CostlyOstrich36 Typical workflow is the following:
Train object detection CNN Pick the best checkpoint Perform https://www.tensorflow.org/lite/performance/post_training_quantization in tflite, OpenVino or SNPE to obtain quantized model. It requires a set of representative image files.What I'd like to do is to run quantization procedure for various frameworks (listed above) for a given task on its' completion
MistakenBee55 how about a Task doing the Model quantization, then trigger it with TriggerScheduler ?
https://github.com/allegroai/clearml/blob/master/examples/scheduler/trigger_example.py
AgitatedDove14 Thanks for advise, I think it would work for tflite. However, SNPE performs quantization with precompiled CLI binary instead of python library (which also needs to be installed). What would be the pipeline in this case?

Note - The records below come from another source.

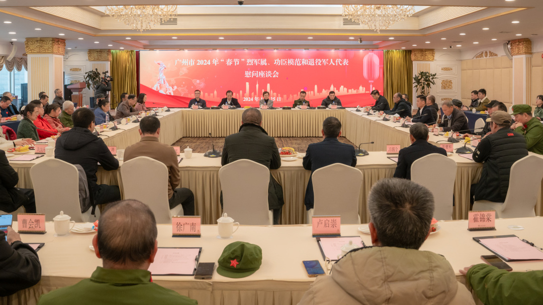 1月25日,广州市2024年春节烈军属、功臣模范和退役军人代表慰问座谈会在广州大厦举行,来自11个区的30多位烈军属、功臣模范和退役军人等代表参加,市政府、广州警备区领导出席座谈会。
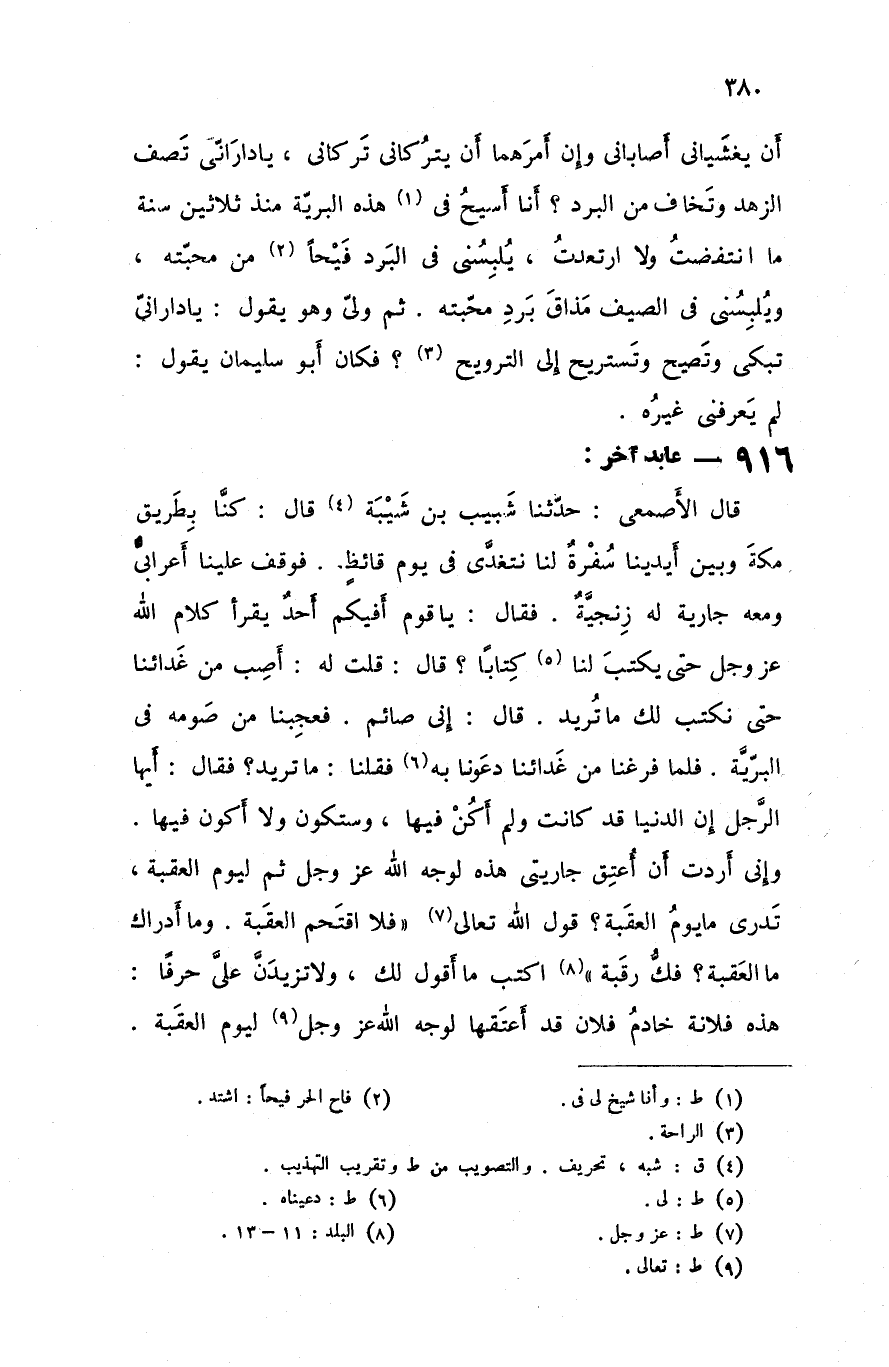 قال الأصمعي حدثنا شبيب بن شيبة قال كنا بطريق مكة و بين أيدينا سفرة نتغدى في يوم قائظ فوقف علينا أعرابي ومعه جارية له زنجية فقال يا قوم أفيكم أحد يقرأ كلام الله عزوجل حتى يكتب لنا كتابا قال قلت له أصب من غدائنا حتى نكتب لك ما تريد قال إني صائم فعجبنا من صومه في البرية فلما فرغنا من غدائنا دعونا به فقلنا ما تريد فقال أيها الرجل إن الدنيا قد كانت ولم أكن فيها و ستكون ولا أكون فيها وإني أردت أن أعتق جاريتي هذه لوجه عزوجل ثم ليوم العقبة تدري ما يوم العقبة قول الله تعالى فلا اقتحم العقبة وما أدراك ما العقبة فك رقبة اكتب ما أقول لك ولا تزيدن علي حرفا هذه فلانة خادم فلان قد أعتقها لوجه الله عزوجل ليوم العقبة
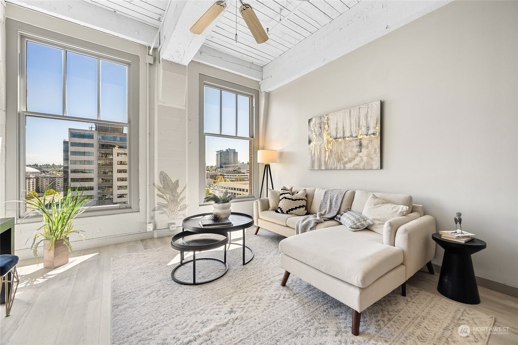 Beautiful historic Cliff Street Loft condo with unmatched views of Mt. Rainier, Tacoma dome, & Sound. Walking in you'll notice the exposed wood beams, 12 foot ceilings, and large windows. Relax in your living space or cook breakfast over looking the mountain. Updated throughout with SS appliances and open concept living. Washer/Dryer hookup & free laundry option on 5th floor. Extra storage unit located on same floor (4th). Enjoy endless views in your condo and up on the rooftop deck. Easy access to I-5 and downtown living, with shops & endless food options.
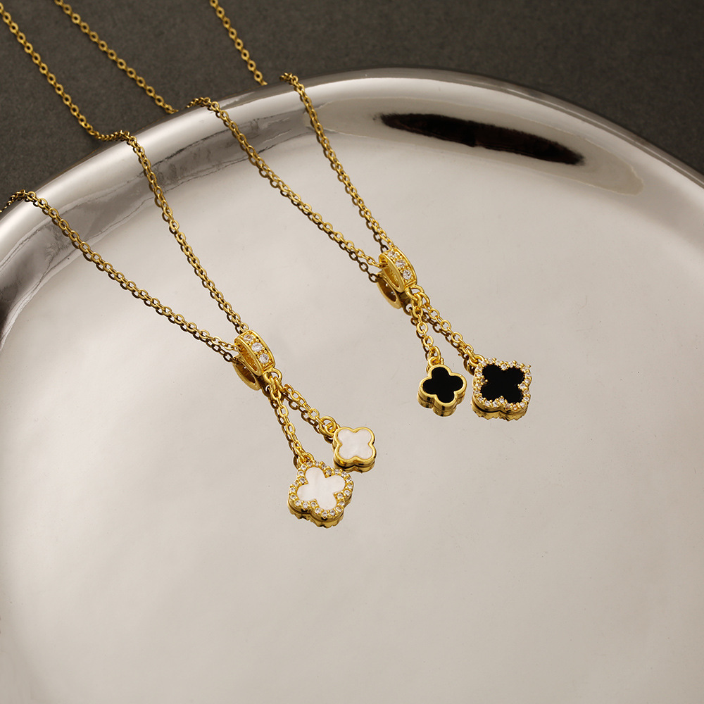 Light Luxury Four-leaf Clover Tassel Titanium Steel Necklace Women's All-match Ins Style Niche Design Pendant Exquisite Collarbone Chain Accessories
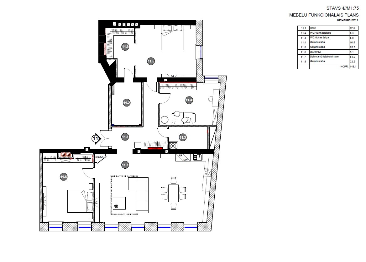 Dzīvoklim ir pārdomāts plānojums, kas sastāv no viesistabas, kas apvienota ar virtuves zonu, 3 guļamistabām, 2 sanmezgliem un garderobes telpas. Dzīvoklī ir iebūvētie skapji un virtuves iekārtas, aizkari, gaismas ķermeņi.
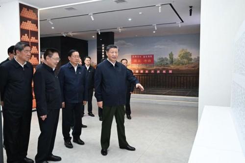 11月4日至6日,中共中央总书记、国家主席、中央军委主席习近平在湖北考察。这是4日下午,习近平在孝感市云梦县博物馆考察。新华社记者 燕雁 摄
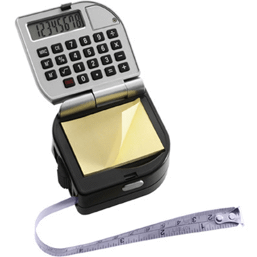 Mètre-ruban en plastique de 3 m avec calculatrice, papier repositionnable et clip métal, pile incluse.
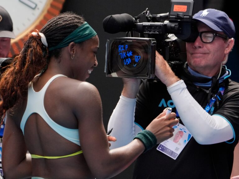 The world number two wrote ‘RIP TikTok’ on a camera after the match in reference to the app’s discontinuation in the US. Coco Gauff wrote “RIP TikTok USA” and drew a broken heart on a camera lens shortly after reaching…

However, SNPE performs quantization with precompiled CLI binary instead of python library (which also needs to be installed). What would be the pipeline in this case?
I would imagine a container with preinstalled SNPE compiler / quantizer, and a python script triggering the process ?
one more question: in case of triggering the quantization process, will it be considered as separate task?
I think this makes sense, since you probably want a container with the SNE environment, meaning you cannot use a simple trigger function. wdyt?
AgitatedDove14 , one more question: in case of triggering the quantization process, will it be considered as separate task? I mean, will I be able to clone it and rerun with different parameters (bitness, optimizations, etc) for the same trained network?